The signature taste of these sorts of pizzas is a slight sootiness. Check out the nearly burnt crust in the lower-right corner of the photo. What’s great is that it’s gently charred on both sides, but not burnt to a crisp. The bottom is speckled with ash while the edges boast deliciously crisped blisters where the dough has bubbled up and singed. The crust is slightly puffed and crisp on the outside, chewy on the inside and not at all greasy. We’re talking about an inch wide on the edge all around the pie, which is my kind of crust.

Grimaldi’s also uses fresh mozzarella, placed in thin-sliced rounds on the dough, appealing in its fresh white color and chewy texture, in contrast to the greasy goo that blankets most chain-store pizzas. The mushrooms were fresh, the pepperoni thick, and a few basil leaves were sprinkled about, lending a tannic tang.

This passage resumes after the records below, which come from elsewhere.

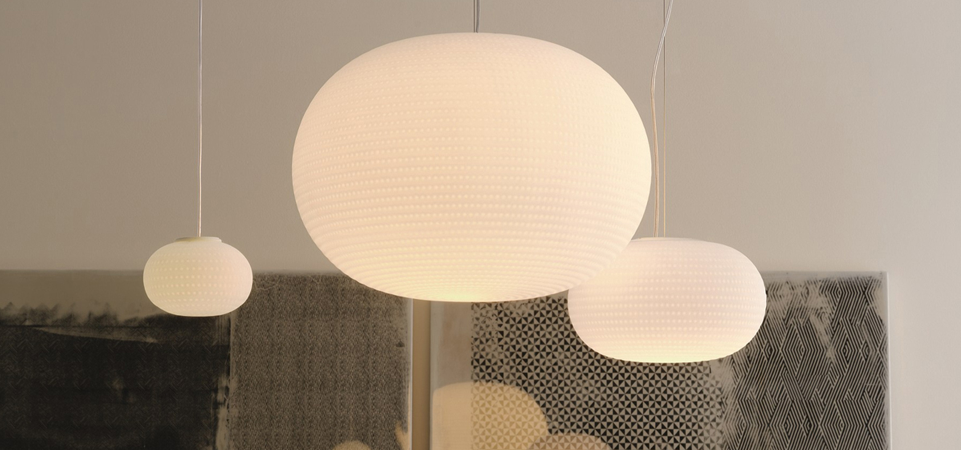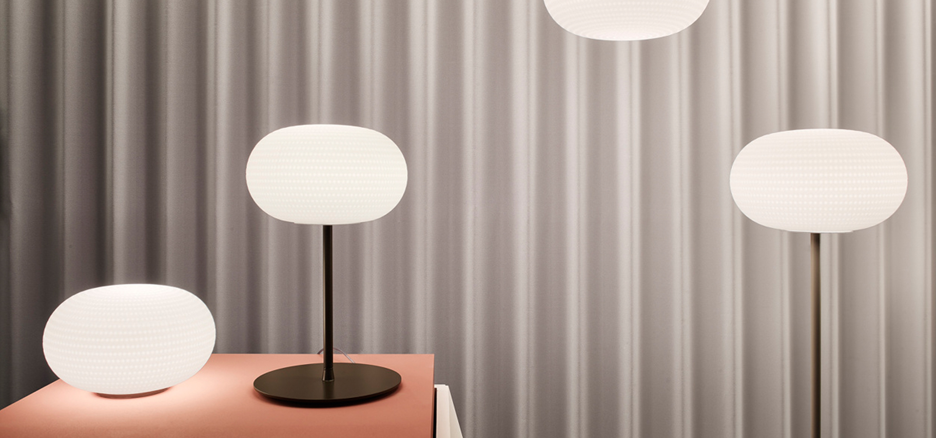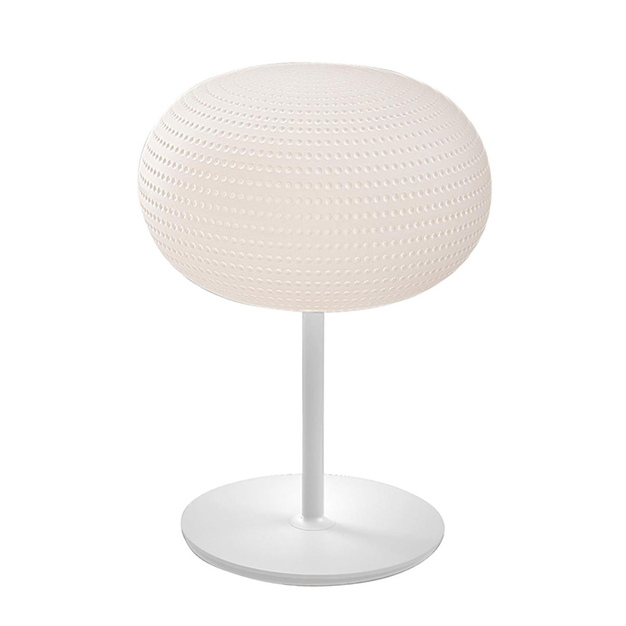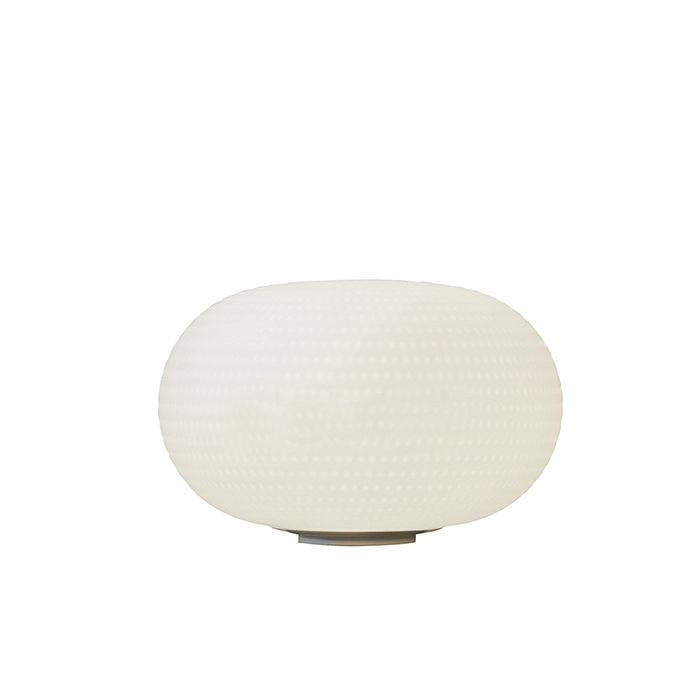 由Matti Klenell为FontanaArte设计的Bianca系列配备了固定铸模吹制的带有乳白色缎面罩的玻璃扩散器。扩散器表面的装饰特点是在白玻璃上蚀刻出一系列有序的浅而精致的凹槽,产生一种类似于新鲜积雪上的小脚印的效果。
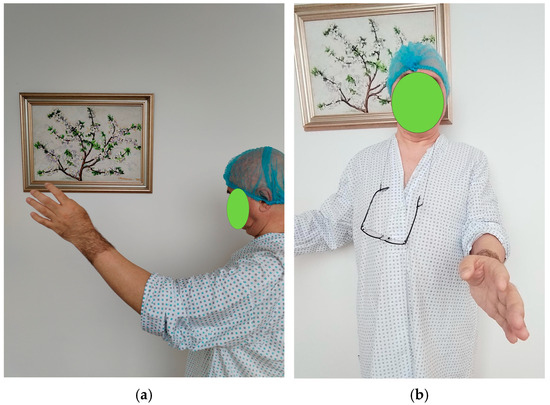 Our patient presented a stable, nonpainful joint with a range of motion (flexion–extension) of 75° in the morning, with an increase of up to 80° during the day. It is known that after waking up from anesthesia, because of pain and muscular contracture, some degrees of motion are lost; for this reason, rehabilitation must begin early, with most recovery happening between 6 weeks and 3 months after surgery [21]. Although the patient was unable to follow the full prescribed rehabilitation plan due to family reasons, at 18 months post-surgery, he has a pain-free joint, a flexion–extension arc of 80°, and pronation and supination are nearly normal, allowing him to carry out daily activities and work (pronation was 80° and supination was 75°). This mobility and stability of the joint currently allow him to do activities such as washing his face, shaving, dressing, combing his hair, and working. The strength of the forearm was quite good, with the patient being able to carry a few kg without problems (maximum was 12 kg) (Figure 6). No adverse or unanticipated events occurred during the follow-up period. The patient did not experience infection, neurovascular complications, prosthesis loosening, or additional fractures.
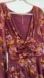 ree People Morning Light Printed Floral Mini Dress Size small. Purple-maroon and gold floral silky dress with drawstring tie cinched bodice in a stand-out dark maroon-purple and gold-yellow floral print. V-neckline; Fit & flare silhouette. Pullover style. Smocked at back and cuffs; ruched drawstring at center front.
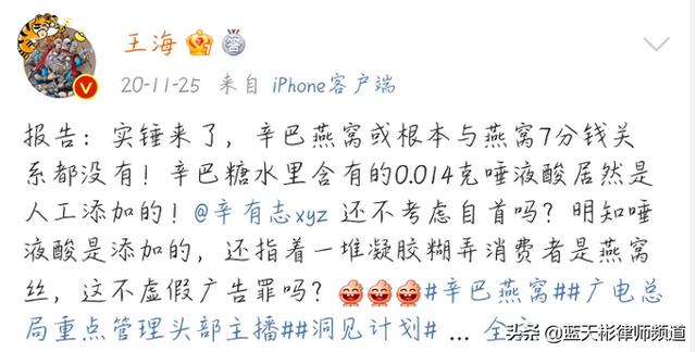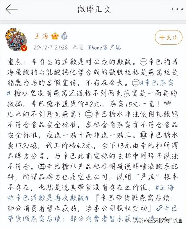 12月7日,王海再次微博發(fā)聲,稱辛巴的道歉是對公眾的欺騙。
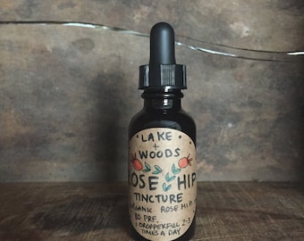 A small bottle of liquid with a black cap is placed on a wooden surface. The label on the bottle features hand-drawn illustrations of a lake, woods, and a rose, along with text that reads 'LAKES & WOODS ROSE HIP TINCTURE'. The label also includes instructions and a warning about the product's potency.

It’s not all fun times at Grimaldi’s. Lunch is very busy but dinnertime gets so bad they bring out the crowd-control stanchions to the sidewalk. The prices are moderately high; $12 nets you a toppingless 16" small pie. And there’s a laundry list of “no’s”—no slices, no credit cards, no delivery, no reservations, and no entire classrooms attempting to enter at once. But I can put up with it all because the place offers one of the tastiest pies I’ve sampled.

Grimaldi’s Pizzeria

  • 19 Old Fulton St. (“under the Brooklyn Bridge”)
  • (718) 858-4300
  • Meal 24 of 52: small pepperoni and mushroom pie ($17.40).
Friday | July 14, 2006 | 9:57 AM
The Delta Grill

The Delta Grill is one of those Cajun-ish restaurants with décor I can best describe as “bait shop,” with its craft-paper tablecloths, worn wooden signs, old photos and other curios on the walls. There was even a bluegrass band in the corner loudly covering the Rolling Stones’ “Wild Horses,” complete with accordion. I had a barbecued pork po’ boy, which had a sweet sauce and fresh-cut pickle and tomato slices. Not too shabby.

The Delta Grill

  • 700 Ninth Ave. (corner of 48th Street)
  • (212) 956-0934
  • Meal 23 of 52: pulled pork po’ boy with French fries ($9) and a glass of iced tea.
Wednesday | July 12, 2006 | 9:50 AM
Bar Pitti

I’d wondered about Bar Pitti, a Tuscan Italian trattoria on Sixth Avenue in the Village that I often pass on my way to Film Forum. Summer nights especially, its wide outdoor seating section is always packed with people. Then this past weekend, I was listening to Wes Anderson’s director’s commentary on the The Life Aquatic with Steve Zissou DVD and he mentioned not only that he’s a Film Forum fan, but that he and Noah Baumbach wrote most of the film’s script at Bar Pitti. They’d meet for lunch, start writing and usually still be there by dinner. They even went so far as to record the DVD’s commentary at the restaurant. In the background you can hear diners talking and silverware clinking; at one point, someone drops a glass.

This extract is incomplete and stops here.